Structurally, though, it fails to support its ambitious goals. The characters are too many and their appearances are unevenly strewn throughout the text, its symbols are not coherently organized and profiled, the dramatization is namely that of the short story, rather than a novelistic one. On the lower level of information structuring, the infodump rules supreme. Tidhar writes his infodumps rich and poetic, but that is insufficient to elevate a narrative from good to great. Wordiness, especially in the case of SF, sanitizes the sublime. Probably the best example for that in Central Station is the author’s nagging insistence to translate every single utterance in asteroid pidgin, the made-up language of space:

“Anggkel,” the boy said – uncle, in the pidgin.”

These clarifications are abundant and a disservice to the text. Too much of it reads as if snippets from Google Translate and Wikipedia are inserted in apposition (“Robotniks, the last soldiers of the lost wars of the Jews – mechanized and sent to fight and then, later, when the wars ended, abandoned as they were, left to fend for themselves on the streets, begging for the parts that kept them alive”). This is a pity because Tidhar clearly can write economically and elliptically:

“Ibrahim was old, he had been around when there were still oranges.”
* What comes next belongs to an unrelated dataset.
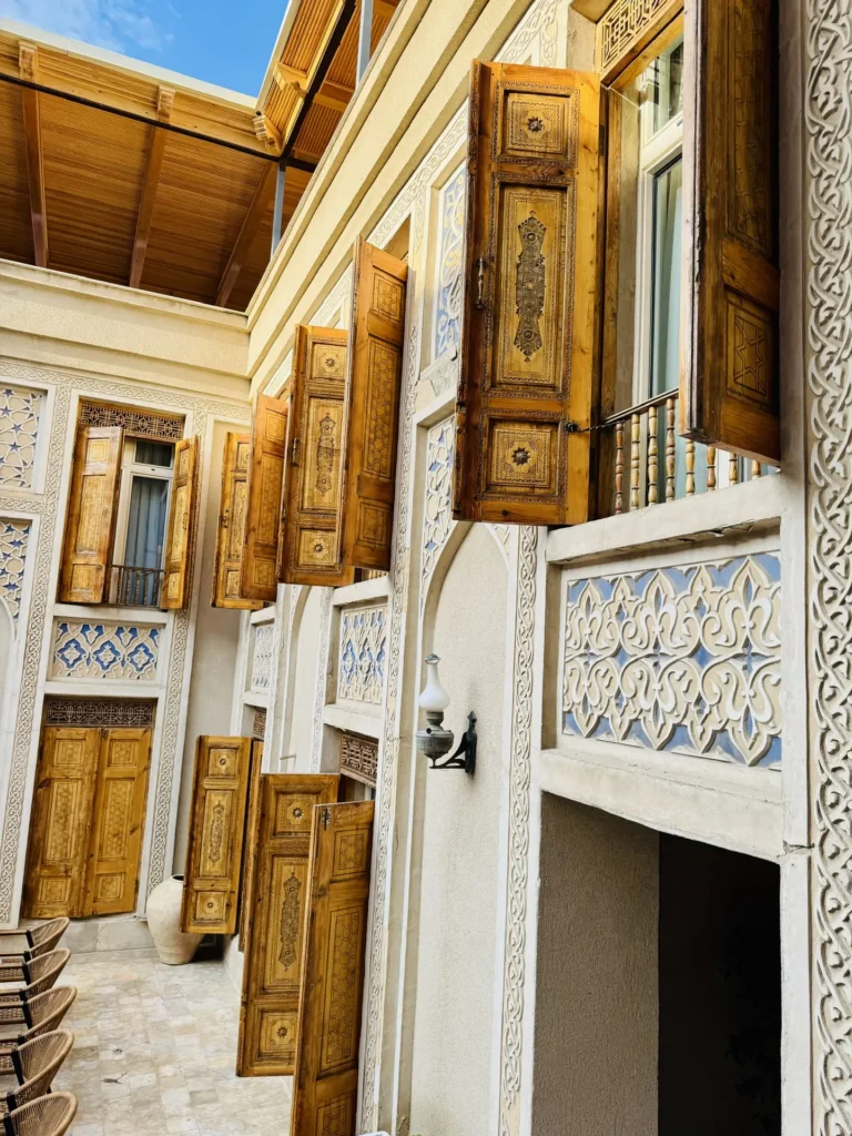 Во время прогулки по старой Бухаре обязательно загляните в ресторан Ayvan при бутик-отеле Lyabi House, чтобы ощутить настоящую аутентичность города. Ресторан расположен в бывшем еврейском купеческом доме. Его главная ценность — подлинный айван (летняя терраса) с уникальной росписью по ганчу (резному гипсу) и дереву, сохранившейся с позапрошлого века.

“Later, he, too, worked on the building, two generations of Chongs it took to bring it to completion. Only to see his own son go up in the great elevators, a boy determined to escape, to follow a dream of the stars.”

Either a true mosaic novel or a true family saga could have given this overarching story the shape of greatness. As it is, Central Station now stands as a powerful exemplar of SF worldbuilding, adequately written and occasionally poignant and pregnant with poetry, but eventually falling short of what it reaches for. Double the pity, as it is so imaginatively rich, erudite and well-connected in the graph of SF intertextuality. Fans of Dick, Silverberg, Rajaniemi will probably like it, though I don’t know how many will love it. In one of the novel’s most sympathetic characters’ thoughts:

“It is perhaps the prerogative of every man or woman to imagine, and thus force a shape, a meaning, onto that wild and meandering narrative of their lives, by choosing  a genre.”

lavie-tidhar

Genre, in the formal sense of the word, does not align smoothly to the novel’s thematic preoccupations. But rarely do we see aspirations so lofty as they are in this novel. For that at least, Lavie Tidhar’s novel is worth checking out.

6.5/10

PS: Many thanks to the publisher for the ARC.